[WORK REQUIRED]:
From the entries below, copy exactly the lines from the one that contains "2、点击下方的装备可以对其进" through the one that contains "Her er et flot", both included, and only those.

*** Opening of TASK DATA ***

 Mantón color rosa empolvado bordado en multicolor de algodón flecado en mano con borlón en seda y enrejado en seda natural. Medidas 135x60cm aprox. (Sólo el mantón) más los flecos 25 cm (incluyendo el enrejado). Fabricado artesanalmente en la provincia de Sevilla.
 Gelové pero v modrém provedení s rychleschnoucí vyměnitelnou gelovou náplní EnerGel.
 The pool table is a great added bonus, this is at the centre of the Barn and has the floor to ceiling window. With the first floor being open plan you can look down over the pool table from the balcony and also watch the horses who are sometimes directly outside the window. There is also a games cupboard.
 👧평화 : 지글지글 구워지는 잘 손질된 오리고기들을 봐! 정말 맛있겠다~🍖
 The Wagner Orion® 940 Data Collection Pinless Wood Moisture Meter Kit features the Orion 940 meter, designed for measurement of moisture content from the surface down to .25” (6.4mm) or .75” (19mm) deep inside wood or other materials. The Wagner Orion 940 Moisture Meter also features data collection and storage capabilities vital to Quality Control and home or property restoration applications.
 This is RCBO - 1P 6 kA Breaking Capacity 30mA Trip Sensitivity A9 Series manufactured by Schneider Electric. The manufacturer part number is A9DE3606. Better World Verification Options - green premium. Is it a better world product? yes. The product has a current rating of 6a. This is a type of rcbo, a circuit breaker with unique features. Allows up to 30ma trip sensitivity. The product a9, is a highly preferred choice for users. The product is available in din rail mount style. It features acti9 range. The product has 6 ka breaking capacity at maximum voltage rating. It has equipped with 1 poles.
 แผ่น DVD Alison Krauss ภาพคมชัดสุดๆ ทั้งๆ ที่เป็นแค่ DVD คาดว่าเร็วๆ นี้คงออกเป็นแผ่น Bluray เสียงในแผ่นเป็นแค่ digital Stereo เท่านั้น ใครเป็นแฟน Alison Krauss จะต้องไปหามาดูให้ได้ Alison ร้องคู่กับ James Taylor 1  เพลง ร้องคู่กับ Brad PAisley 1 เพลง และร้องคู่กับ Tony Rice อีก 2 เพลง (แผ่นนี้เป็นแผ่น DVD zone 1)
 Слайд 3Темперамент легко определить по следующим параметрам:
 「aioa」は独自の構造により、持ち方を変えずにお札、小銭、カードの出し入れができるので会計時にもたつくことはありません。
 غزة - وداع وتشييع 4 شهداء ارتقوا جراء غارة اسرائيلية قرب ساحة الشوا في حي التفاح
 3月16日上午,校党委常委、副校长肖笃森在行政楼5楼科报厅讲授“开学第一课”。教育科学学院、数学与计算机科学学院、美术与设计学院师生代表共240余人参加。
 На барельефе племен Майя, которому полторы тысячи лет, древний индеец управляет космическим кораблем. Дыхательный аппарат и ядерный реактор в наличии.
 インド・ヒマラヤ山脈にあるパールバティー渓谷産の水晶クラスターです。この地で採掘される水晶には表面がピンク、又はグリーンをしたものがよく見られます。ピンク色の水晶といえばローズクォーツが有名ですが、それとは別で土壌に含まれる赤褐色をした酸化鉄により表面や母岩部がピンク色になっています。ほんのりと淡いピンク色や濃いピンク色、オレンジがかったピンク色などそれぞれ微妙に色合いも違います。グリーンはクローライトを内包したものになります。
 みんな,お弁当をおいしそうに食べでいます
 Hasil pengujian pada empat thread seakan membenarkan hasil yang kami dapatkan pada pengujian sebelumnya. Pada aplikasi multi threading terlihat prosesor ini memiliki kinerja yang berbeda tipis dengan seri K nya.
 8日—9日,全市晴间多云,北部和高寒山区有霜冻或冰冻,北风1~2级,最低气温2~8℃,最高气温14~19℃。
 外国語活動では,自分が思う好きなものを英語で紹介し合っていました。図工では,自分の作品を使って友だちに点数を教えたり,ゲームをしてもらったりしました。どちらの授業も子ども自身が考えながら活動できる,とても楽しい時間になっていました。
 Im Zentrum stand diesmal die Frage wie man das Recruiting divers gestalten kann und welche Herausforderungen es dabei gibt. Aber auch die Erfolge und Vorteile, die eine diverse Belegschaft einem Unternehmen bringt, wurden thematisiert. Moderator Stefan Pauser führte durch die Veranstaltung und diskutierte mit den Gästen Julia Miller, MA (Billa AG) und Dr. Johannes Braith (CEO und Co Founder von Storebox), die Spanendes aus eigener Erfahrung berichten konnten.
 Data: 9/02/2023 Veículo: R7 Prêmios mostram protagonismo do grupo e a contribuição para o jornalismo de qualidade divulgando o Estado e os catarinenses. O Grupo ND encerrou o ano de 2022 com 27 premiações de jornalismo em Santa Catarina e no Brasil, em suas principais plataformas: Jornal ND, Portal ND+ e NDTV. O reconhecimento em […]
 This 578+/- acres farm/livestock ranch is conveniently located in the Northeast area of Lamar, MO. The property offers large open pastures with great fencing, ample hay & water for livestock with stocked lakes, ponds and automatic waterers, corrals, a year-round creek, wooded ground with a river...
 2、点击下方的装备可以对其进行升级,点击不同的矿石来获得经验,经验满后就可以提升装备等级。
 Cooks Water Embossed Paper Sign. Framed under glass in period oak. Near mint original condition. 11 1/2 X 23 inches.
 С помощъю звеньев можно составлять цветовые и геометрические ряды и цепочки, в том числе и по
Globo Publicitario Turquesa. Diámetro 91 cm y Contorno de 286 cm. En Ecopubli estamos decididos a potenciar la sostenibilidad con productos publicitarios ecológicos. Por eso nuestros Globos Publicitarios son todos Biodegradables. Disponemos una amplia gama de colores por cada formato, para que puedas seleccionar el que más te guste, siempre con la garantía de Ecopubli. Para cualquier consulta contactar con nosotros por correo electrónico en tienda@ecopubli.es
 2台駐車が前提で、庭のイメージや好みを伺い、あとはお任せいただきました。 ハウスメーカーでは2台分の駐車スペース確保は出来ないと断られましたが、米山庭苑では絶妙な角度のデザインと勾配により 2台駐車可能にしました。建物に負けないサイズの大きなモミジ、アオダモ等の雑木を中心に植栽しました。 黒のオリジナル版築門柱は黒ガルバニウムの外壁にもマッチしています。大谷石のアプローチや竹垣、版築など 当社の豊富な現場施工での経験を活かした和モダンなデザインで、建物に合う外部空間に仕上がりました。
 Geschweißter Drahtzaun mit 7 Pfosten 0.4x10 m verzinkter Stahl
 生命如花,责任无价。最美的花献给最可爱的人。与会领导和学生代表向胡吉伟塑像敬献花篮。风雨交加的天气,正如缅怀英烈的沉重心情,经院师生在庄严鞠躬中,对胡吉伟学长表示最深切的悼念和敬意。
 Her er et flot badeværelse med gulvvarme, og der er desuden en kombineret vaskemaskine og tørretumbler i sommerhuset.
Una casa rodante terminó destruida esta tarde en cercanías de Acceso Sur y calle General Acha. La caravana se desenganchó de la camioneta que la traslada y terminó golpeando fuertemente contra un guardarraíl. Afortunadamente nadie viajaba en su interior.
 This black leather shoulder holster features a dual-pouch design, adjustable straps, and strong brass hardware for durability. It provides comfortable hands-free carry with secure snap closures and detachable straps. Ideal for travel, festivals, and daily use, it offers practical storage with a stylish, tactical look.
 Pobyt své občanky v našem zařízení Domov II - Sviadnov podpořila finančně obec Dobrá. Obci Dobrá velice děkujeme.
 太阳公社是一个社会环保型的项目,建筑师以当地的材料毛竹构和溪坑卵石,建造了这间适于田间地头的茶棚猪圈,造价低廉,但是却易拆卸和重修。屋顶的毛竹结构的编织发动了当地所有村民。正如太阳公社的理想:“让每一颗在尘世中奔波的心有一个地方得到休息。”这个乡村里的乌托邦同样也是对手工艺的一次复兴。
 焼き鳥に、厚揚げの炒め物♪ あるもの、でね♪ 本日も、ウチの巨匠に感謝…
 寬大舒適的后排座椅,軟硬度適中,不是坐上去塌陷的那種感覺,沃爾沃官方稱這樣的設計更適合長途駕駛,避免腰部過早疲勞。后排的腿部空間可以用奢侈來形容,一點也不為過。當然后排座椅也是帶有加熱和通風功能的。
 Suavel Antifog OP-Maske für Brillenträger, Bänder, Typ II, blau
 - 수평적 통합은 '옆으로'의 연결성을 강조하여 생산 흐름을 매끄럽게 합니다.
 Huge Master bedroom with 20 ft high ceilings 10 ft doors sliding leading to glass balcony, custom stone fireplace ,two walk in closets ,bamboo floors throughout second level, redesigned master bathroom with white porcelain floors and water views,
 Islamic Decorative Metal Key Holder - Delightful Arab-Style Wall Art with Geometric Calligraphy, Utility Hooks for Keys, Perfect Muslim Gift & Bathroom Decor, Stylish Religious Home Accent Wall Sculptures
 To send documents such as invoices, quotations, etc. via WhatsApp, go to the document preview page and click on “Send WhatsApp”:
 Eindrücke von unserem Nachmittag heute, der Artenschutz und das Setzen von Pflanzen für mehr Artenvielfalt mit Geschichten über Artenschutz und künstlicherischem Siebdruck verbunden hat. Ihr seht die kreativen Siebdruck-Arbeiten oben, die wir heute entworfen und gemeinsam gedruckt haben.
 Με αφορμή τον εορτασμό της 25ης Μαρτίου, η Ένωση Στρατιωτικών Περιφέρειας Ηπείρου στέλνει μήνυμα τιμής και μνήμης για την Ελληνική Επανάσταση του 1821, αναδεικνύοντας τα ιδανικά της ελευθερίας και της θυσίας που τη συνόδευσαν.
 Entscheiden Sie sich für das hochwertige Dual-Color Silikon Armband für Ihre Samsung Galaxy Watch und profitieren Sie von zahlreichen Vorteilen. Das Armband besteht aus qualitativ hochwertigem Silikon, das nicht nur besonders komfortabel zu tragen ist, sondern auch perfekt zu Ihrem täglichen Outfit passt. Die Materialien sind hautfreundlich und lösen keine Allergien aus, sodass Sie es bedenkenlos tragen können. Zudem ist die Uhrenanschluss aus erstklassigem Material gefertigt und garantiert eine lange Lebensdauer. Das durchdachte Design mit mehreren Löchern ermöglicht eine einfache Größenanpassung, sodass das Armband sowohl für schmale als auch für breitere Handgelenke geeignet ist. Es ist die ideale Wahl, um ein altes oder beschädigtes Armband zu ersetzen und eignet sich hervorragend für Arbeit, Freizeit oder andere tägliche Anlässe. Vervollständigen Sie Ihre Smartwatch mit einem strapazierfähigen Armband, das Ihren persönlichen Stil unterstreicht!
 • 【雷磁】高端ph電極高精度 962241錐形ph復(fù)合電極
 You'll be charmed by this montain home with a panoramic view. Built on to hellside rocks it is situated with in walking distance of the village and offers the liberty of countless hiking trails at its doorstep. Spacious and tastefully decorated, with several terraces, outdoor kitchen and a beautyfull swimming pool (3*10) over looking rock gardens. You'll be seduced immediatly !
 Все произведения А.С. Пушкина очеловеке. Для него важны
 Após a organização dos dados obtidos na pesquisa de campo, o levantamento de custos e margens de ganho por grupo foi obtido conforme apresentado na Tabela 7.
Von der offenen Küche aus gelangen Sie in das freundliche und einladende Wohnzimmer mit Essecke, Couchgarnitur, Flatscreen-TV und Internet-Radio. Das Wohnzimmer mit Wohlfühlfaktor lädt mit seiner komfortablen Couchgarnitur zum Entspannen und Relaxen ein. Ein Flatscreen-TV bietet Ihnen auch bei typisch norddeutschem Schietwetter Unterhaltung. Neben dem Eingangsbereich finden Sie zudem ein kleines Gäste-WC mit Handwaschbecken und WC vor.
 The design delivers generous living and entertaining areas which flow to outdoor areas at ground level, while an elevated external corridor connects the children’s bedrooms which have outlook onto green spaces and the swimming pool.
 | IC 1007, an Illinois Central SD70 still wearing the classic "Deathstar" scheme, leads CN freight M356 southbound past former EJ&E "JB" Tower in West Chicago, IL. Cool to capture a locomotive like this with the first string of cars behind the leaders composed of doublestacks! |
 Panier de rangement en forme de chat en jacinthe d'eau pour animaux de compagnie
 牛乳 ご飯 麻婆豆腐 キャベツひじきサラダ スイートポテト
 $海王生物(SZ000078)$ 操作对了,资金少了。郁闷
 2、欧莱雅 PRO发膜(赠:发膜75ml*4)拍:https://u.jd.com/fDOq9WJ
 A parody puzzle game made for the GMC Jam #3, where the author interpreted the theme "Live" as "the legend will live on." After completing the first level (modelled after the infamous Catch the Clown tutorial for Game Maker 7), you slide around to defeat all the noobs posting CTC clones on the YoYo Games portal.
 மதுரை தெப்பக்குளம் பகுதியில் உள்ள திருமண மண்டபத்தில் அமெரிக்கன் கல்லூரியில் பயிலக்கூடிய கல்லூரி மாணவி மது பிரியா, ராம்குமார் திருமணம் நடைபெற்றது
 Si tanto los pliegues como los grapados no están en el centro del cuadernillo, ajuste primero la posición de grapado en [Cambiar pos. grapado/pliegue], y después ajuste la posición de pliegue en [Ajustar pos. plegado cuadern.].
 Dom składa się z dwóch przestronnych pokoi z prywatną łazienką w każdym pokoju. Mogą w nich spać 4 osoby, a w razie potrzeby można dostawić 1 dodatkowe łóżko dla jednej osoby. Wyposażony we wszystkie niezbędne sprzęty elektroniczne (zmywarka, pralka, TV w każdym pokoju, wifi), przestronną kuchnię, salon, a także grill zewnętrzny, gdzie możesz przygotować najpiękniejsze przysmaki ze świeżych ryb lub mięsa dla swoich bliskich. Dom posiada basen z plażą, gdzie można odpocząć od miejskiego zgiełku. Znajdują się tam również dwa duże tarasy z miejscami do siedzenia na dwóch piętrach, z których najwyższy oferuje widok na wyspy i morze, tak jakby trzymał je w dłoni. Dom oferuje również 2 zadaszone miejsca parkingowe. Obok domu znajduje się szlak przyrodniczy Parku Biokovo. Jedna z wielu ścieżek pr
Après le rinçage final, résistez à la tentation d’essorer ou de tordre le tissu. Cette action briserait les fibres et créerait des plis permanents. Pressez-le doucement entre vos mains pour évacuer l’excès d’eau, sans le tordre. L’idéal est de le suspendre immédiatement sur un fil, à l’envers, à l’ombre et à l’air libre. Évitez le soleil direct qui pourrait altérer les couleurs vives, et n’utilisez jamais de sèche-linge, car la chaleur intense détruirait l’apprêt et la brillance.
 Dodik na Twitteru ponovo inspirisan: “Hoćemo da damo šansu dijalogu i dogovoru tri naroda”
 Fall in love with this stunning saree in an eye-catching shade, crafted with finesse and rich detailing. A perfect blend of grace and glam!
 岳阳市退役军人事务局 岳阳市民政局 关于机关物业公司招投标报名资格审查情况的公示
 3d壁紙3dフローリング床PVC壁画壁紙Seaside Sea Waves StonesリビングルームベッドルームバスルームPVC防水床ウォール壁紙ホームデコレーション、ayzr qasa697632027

*** Close of TASK DATA ***

[TASK RESULT]:
 2、点击下方的装备可以对其进行升级,点击不同的矿石来获得经验,经验满后就可以提升装备等级。
 Cooks Water Embossed Paper Sign. Framed under glass in period oak. Near mint original condition. 11 1/2 X 23 inches.
 С помощъю звеньев можно составлять цветовые и геометрические ряды и цепочки, в том числе и по
Globo Publicitario Turquesa. Diámetro 91 cm y Contorno de 286 cm. En Ecopubli estamos decididos a potenciar la sostenibilidad con productos publicitarios ecológicos. Por eso nuestros Globos Publicitarios son todos Biodegradables. Disponemos una amplia gama de colores por cada formato, para que puedas seleccionar el que más te guste, siempre con la garantía de Ecopubli. Para cualquier consulta contactar con nosotros por correo electrónico en tienda@ecopubli.es
 2台駐車が前提で、庭のイメージや好みを伺い、あとはお任せいただきました。 ハウスメーカーでは2台分の駐車スペース確保は出来ないと断られましたが、米山庭苑では絶妙な角度のデザインと勾配により 2台駐車可能にしました。建物に負けないサイズの大きなモミジ、アオダモ等の雑木を中心に植栽しました。 黒のオリジナル版築門柱は黒ガルバニウムの外壁にもマッチしています。大谷石のアプローチや竹垣、版築など 当社の豊富な現場施工での経験を活かした和モダンなデザインで、建物に合う外部空間に仕上がりました。
 Geschweißter Drahtzaun mit 7 Pfosten 0.4x10 m verzinkter Stahl
 生命如花,责任无价。最美的花献给最可爱的人。与会领导和学生代表向胡吉伟塑像敬献花篮。风雨交加的天气,正如缅怀英烈的沉重心情,经院师生在庄严鞠躬中,对胡吉伟学长表示最深切的悼念和敬意。
 Her er et flot badeværelse med gulvvarme, og der er desuden en kombineret vaskemaskine og tørretumbler i sommerhuset.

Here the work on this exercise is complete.